[YOUR OBJECTIVE]:
Write out all the data verbatim. Skip images.

[SUPPLIED DATA]:
□ □ □ □ □ □ □
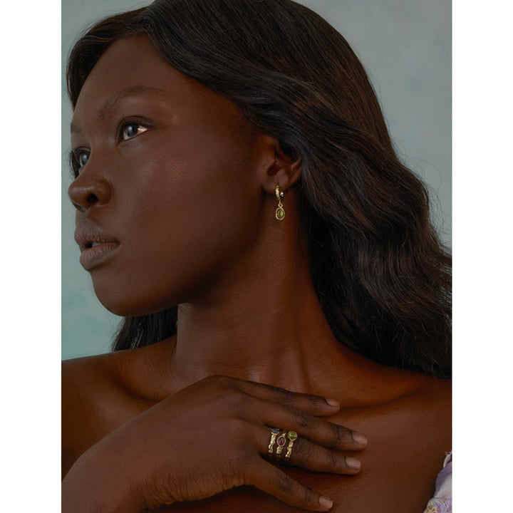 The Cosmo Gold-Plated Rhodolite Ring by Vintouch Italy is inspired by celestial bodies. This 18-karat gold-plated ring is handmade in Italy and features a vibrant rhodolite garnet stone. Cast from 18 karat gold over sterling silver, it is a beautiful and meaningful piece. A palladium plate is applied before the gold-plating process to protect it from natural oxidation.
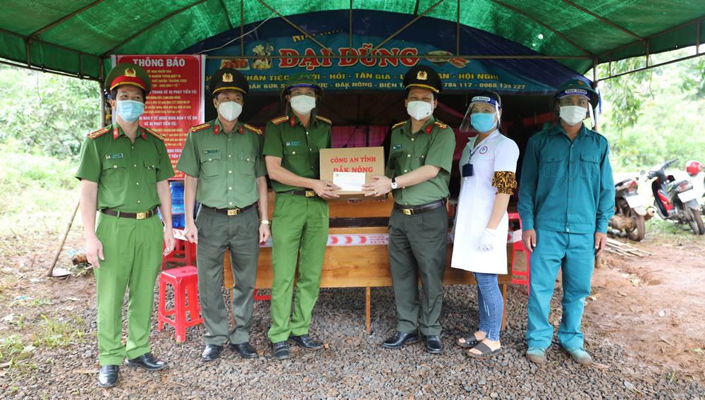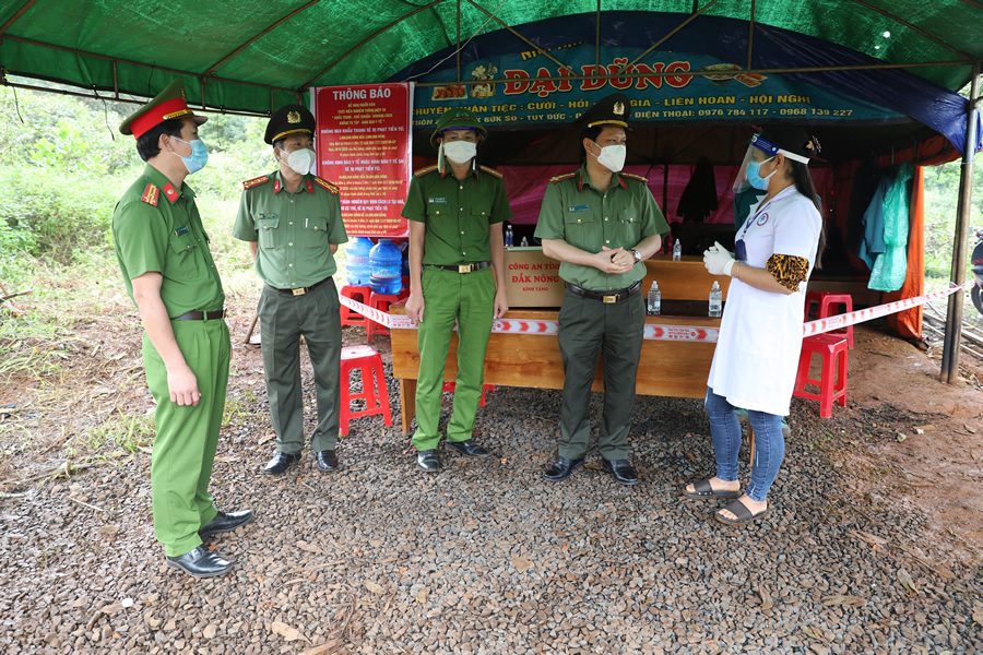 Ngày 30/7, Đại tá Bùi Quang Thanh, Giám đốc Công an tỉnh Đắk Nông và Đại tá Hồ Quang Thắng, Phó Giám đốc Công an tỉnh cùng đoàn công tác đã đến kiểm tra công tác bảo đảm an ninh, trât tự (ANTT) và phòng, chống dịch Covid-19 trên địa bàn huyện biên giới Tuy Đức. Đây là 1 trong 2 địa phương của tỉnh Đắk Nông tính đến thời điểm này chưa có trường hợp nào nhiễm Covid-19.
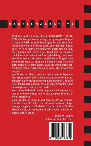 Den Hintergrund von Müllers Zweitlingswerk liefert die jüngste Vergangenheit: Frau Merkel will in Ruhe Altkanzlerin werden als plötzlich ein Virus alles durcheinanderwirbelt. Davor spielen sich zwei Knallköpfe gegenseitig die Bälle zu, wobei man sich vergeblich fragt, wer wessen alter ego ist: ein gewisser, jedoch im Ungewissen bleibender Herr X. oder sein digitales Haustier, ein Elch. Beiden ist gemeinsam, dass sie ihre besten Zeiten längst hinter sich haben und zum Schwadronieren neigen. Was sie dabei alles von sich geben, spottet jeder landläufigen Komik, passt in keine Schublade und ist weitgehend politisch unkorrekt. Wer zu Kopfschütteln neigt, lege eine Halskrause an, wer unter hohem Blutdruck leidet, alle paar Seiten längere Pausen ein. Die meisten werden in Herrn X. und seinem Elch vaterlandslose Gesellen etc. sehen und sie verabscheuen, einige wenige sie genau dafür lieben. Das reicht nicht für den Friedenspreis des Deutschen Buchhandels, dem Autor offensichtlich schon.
□ □ □ □ □ □ □
[ANSWER FOR THE TASK]:
 The Cosmo Gold-Plated Rhodolite Ring by Vintouch Italy is inspired by celestial bodies. This 18-karat gold-plated ring is handmade in Italy and features a vibrant rhodolite garnet stone. Cast from 18 karat gold over sterling silver, it is a beautiful and meaningful piece. A palladium plate is applied before the gold-plating process to protect it from natural oxidation.
 Ngày 30/7, Đại tá Bùi Quang Thanh, Giám đốc Công an tỉnh Đắk Nông và Đại tá Hồ Quang Thắng, Phó Giám đốc Công an tỉnh cùng đoàn công tác đã đến kiểm tra công tác bảo đảm an ninh, trât tự (ANTT) và phòng, chống dịch Covid-19 trên địa bàn huyện biên giới Tuy Đức. Đây là 1 trong 2 địa phương của tỉnh Đắk Nông tính đến thời điểm này chưa có trường hợp nào nhiễm Covid-19.
 Den Hintergrund von Müllers Zweitlingswerk liefert die jüngste Vergangenheit: Frau Merkel will in Ruhe Altkanzlerin werden als plötzlich ein Virus alles durcheinanderwirbelt. Davor spielen sich zwei Knallköpfe gegenseitig die Bälle zu, wobei man sich vergeblich fragt, wer wessen alter ego ist: ein gewisser, jedoch im Ungewissen bleibender Herr X. oder sein digitales Haustier, ein Elch. Beiden ist gemeinsam, dass sie ihre besten Zeiten längst hinter sich haben und zum Schwadronieren neigen. Was sie dabei alles von sich geben, spottet jeder landläufigen Komik, passt in keine Schublade und ist weitgehend politisch unkorrekt. Wer zu Kopfschütteln neigt, lege eine Halskrause an, wer unter hohem Blutdruck leidet, alle paar Seiten längere Pausen ein. Die meisten werden in Herrn X. und seinem Elch vaterlandslose Gesellen etc. sehen und sie verabscheuen, einige wenige sie genau dafür lieben. Das reicht nicht für den Friedenspreis des Deutschen Buchhandels, dem Autor offensichtlich schon.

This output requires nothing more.